Dormitory brother: I said no!

Me: Why?

Dormitory brother: Do you know what Shanghai women and Taliban men have in common?

Me:?

Dormitory brother: That is to stay away from American men!

There is a news in the newspaper column of the school that two girls from a university in Harbin were * * when they returned to their dormitory at night. Here, they are warned not to go back too late. The follow-up report is that the school sent them to Peking University to avoid trouble. As a result, I didn't expect the patrol car to see n scantily clad girls wandering in the shadow of the campus late at night. Uncle pol.ice inexplicably asked one of them why he didn't go back so late, only to see that girl's eyes widened. She said angrily, "Do you care?" If you fail the exam, you are not allowed to walk! "

Just playing with a girl's mobile phone in her girlfriend's bedroom (actually peeking at her hot selfie inside * _ *).

Looking at it, I suddenly found a person named "slut" in her address book, so I asked MM.

Me: Hey, who is a slut?

Mm (very nervous): Nobody ~ Give me my phone back!

Me: Don't say? Then I'll call him ~ (dial out)

Mm (sweating): Give it back! !

So my cell phone rang. ...

A female classmate twisted her shoulder, so she dragged two roommates to find a professional massage place to take care of them. Never been to such a place, the three sisters bumped into a massage room with a red light in the street. Unexpectedly, another mm wearing a sexy bedroom is sitting on the sofa watching TV. She looked at the three sisters in surprise for a long time and asked awkwardly, "Are you ... are you here to apply?"

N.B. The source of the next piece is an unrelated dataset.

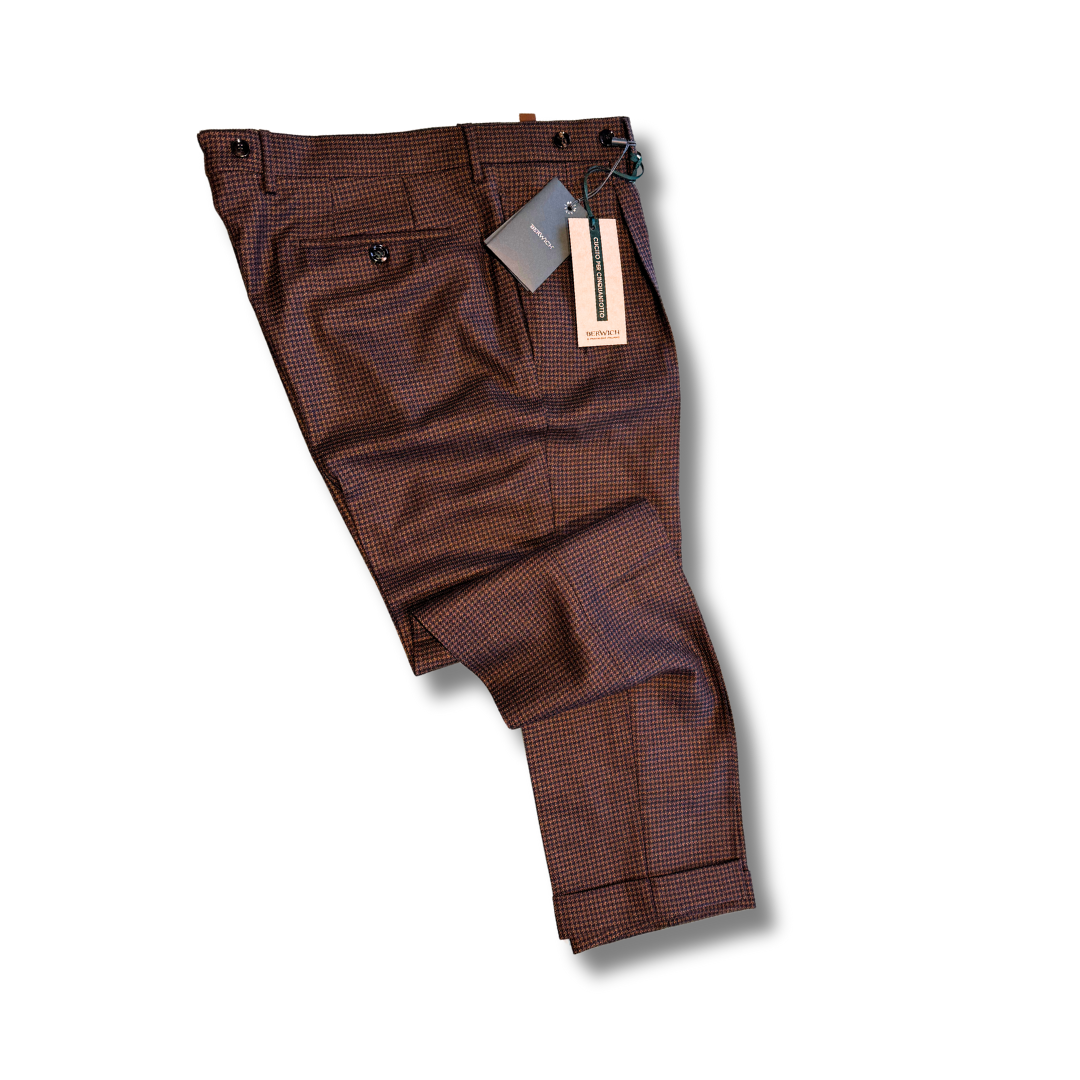 Questo Barber è un pantalone in lana a doppia Pence con un risvolto a 3,5 cm

Today, when I was driving, the speed electronic eye flashed by me. I was definitely not speeding, so I turned around and passed the electronic eye at a slower speed, and it flashed again. I was puzzled, tried again, and really flashed again. I thought it was funny, so I slowly passed it again ... and then I got four tickets for not wearing my seat belt.

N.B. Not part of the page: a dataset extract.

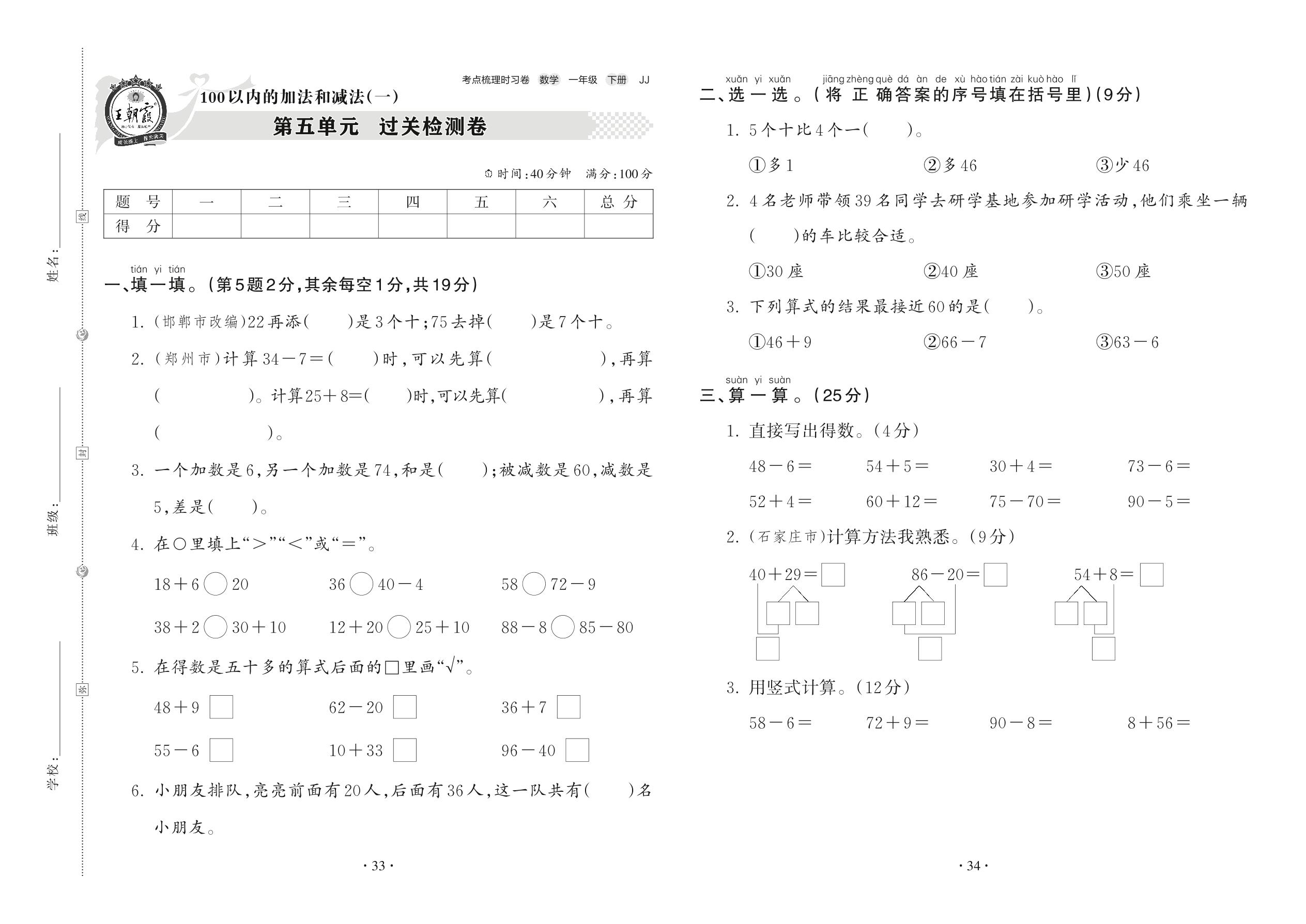 一年级数学冀教版下册单元卷

After class at noon, I went to the canteen with a dinosaur MM.

Maybe it's Mao Mao rain. She stopped suddenly and looked at me affectionately. "Would you like to be my prince?"

Looking at her sad face, I really can't bear to break her heart, but for the sake of future happiness, I must refuse.

So, I put on a silly and naive expression and asked her, "So-I have to call you mom in the future?"

The man was away on business and suddenly went home. He heard the man snoring at the door. The man walked away silently and sent a text message to his wife: divorce.

Three years later, his wife told him that he was a little lion rising in Ran Ran!

A buddy got up the courage to express his affection to MM on QQ, and MM replied for a moment: I'm her mother, and I'm here to steal food.